╔══

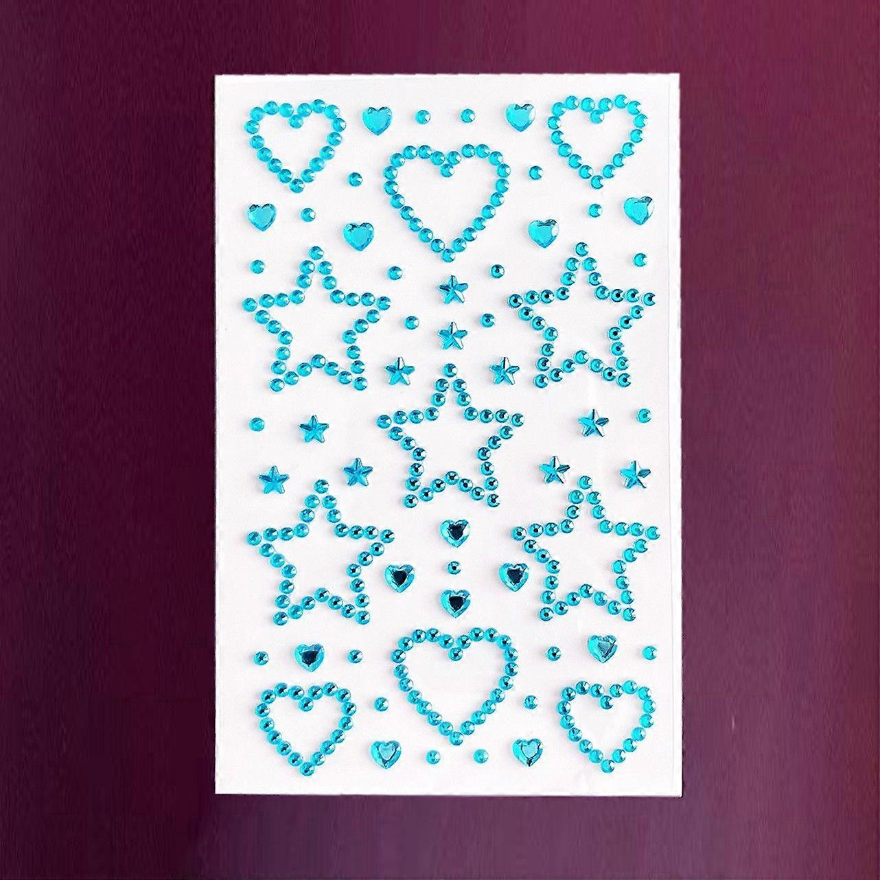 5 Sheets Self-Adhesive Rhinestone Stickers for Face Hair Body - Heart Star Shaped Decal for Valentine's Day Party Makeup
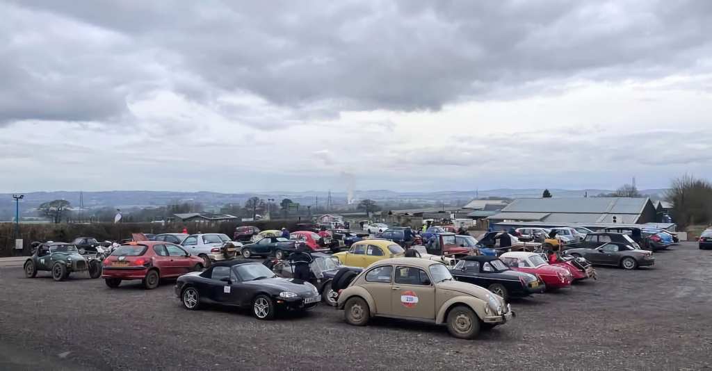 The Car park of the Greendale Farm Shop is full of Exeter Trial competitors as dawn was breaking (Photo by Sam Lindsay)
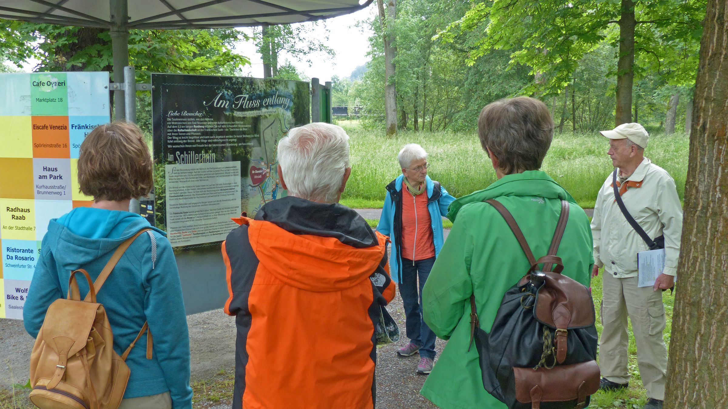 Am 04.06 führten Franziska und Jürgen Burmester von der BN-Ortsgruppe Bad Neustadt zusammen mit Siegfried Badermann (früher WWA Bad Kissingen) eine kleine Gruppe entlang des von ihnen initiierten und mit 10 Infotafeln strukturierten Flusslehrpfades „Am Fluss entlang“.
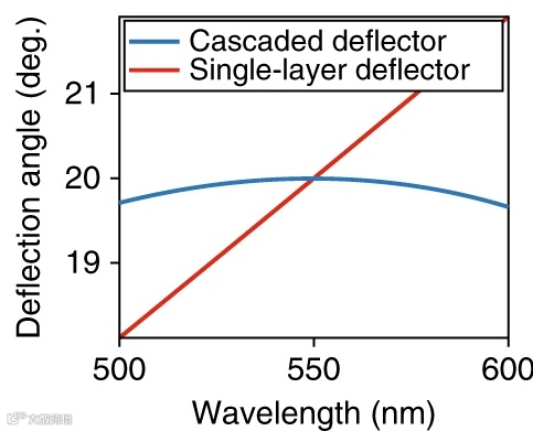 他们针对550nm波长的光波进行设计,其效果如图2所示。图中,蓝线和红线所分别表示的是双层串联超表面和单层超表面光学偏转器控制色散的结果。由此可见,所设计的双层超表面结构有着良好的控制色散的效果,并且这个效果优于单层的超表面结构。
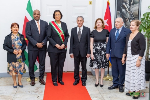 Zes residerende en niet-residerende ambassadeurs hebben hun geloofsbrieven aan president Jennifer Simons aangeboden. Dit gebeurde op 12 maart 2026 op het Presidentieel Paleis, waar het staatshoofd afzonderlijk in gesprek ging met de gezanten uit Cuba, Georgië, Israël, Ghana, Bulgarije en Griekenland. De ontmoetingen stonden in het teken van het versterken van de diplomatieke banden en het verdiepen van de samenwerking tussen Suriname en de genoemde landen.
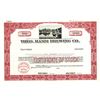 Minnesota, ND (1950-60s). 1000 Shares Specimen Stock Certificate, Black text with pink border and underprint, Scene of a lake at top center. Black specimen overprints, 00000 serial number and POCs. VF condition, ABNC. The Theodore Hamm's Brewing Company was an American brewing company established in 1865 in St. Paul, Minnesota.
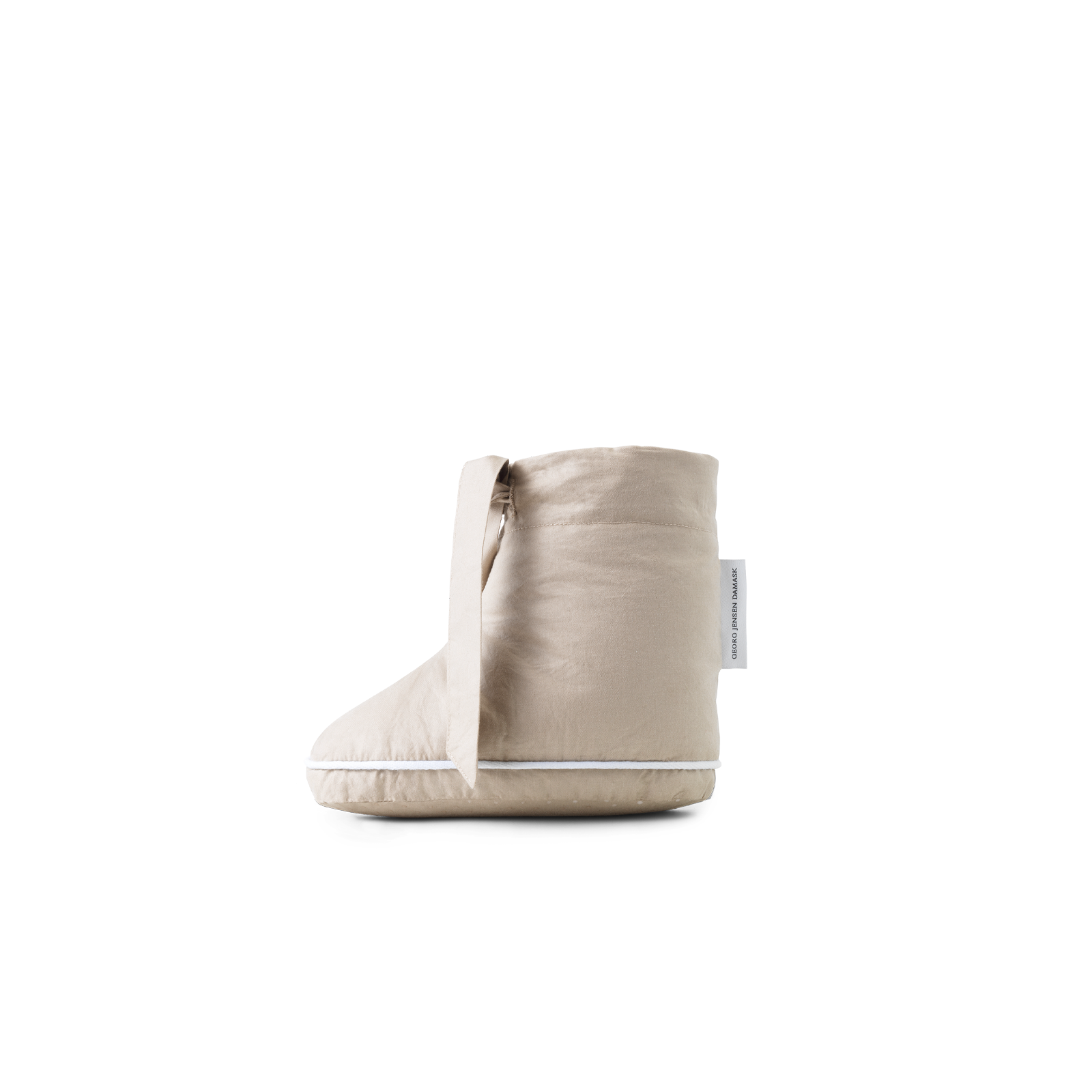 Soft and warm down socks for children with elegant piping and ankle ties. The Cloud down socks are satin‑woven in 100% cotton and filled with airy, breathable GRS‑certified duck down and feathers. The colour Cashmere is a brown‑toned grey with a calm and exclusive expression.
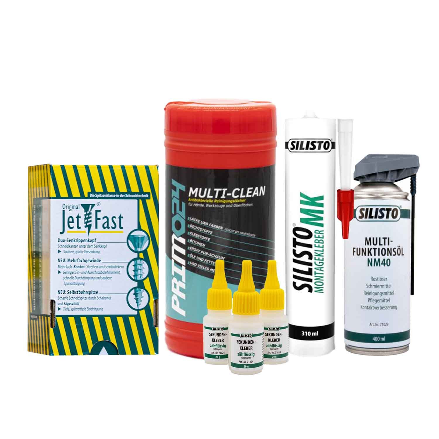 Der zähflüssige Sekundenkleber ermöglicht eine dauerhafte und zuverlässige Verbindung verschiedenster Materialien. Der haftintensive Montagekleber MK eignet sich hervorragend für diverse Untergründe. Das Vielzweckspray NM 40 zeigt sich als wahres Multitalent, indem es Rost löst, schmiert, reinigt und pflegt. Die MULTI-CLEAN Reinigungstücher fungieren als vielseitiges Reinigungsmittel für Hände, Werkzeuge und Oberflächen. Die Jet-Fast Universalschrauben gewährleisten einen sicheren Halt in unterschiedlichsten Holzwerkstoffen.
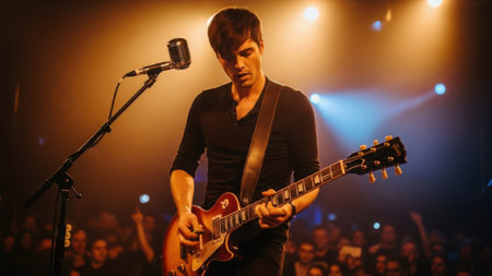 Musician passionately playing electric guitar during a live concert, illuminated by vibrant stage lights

╚══

= Task brief =
If a record above holds a picture, leave the picture out and write out everything else exactly.

= Response box =
 5 Sheets Self-Adhesive Rhinestone Stickers for Face Hair Body - Heart Star Shaped Decal for Valentine's Day Party Makeup
 The Car park of the Greendale Farm Shop is full of Exeter Trial competitors as dawn was breaking (Photo by Sam Lindsay)
 Am 04.06 führten Franziska und Jürgen Burmester von der BN-Ortsgruppe Bad Neustadt zusammen mit Siegfried Badermann (früher WWA Bad Kissingen) eine kleine Gruppe entlang des von ihnen initiierten und mit 10 Infotafeln strukturierten Flusslehrpfades „Am Fluss entlang“.
 他们针对550nm波长的光波进行设计,其效果如图2所示。图中,蓝线和红线所分别表示的是双层串联超表面和单层超表面光学偏转器控制色散的结果。由此可见,所设计的双层超表面结构有着良好的控制色散的效果,并且这个效果优于单层的超表面结构。
 Zes residerende en niet-residerende ambassadeurs hebben hun geloofsbrieven aan president Jennifer Simons aangeboden. Dit gebeurde op 12 maart 2026 op het Presidentieel Paleis, waar het staatshoofd afzonderlijk in gesprek ging met de gezanten uit Cuba, Georgië, Israël, Ghana, Bulgarije en Griekenland. De ontmoetingen stonden in het teken van het versterken van de diplomatieke banden en het verdiepen van de samenwerking tussen Suriname en de genoemde landen.
 Minnesota, ND (1950-60s). 1000 Shares Specimen Stock Certificate, Black text with pink border and underprint, Scene of a lake at top center. Black specimen overprints, 00000 serial number and POCs. VF condition, ABNC. The Theodore Hamm's Brewing Company was an American brewing company established in 1865 in St. Paul, Minnesota.
 Soft and warm down socks for children with elegant piping and ankle ties. The Cloud down socks are satin‑woven in 100% cotton and filled with airy, breathable GRS‑certified duck down and feathers. The colour Cashmere is a brown‑toned grey with a calm and exclusive expression.
 Der zähflüssige Sekundenkleber ermöglicht eine dauerhafte und zuverlässige Verbindung verschiedenster Materialien. Der haftintensive Montagekleber MK eignet sich hervorragend für diverse Untergründe. Das Vielzweckspray NM 40 zeigt sich als wahres Multitalent, indem es Rost löst, schmiert, reinigt und pflegt. Die MULTI-CLEAN Reinigungstücher fungieren als vielseitiges Reinigungsmittel für Hände, Werkzeuge und Oberflächen. Die Jet-Fast Universalschrauben gewährleisten einen sicheren Halt in unterschiedlichsten Holzwerkstoffen.
 Musician passionately playing electric guitar during a live concert, illuminated by vibrant stage lights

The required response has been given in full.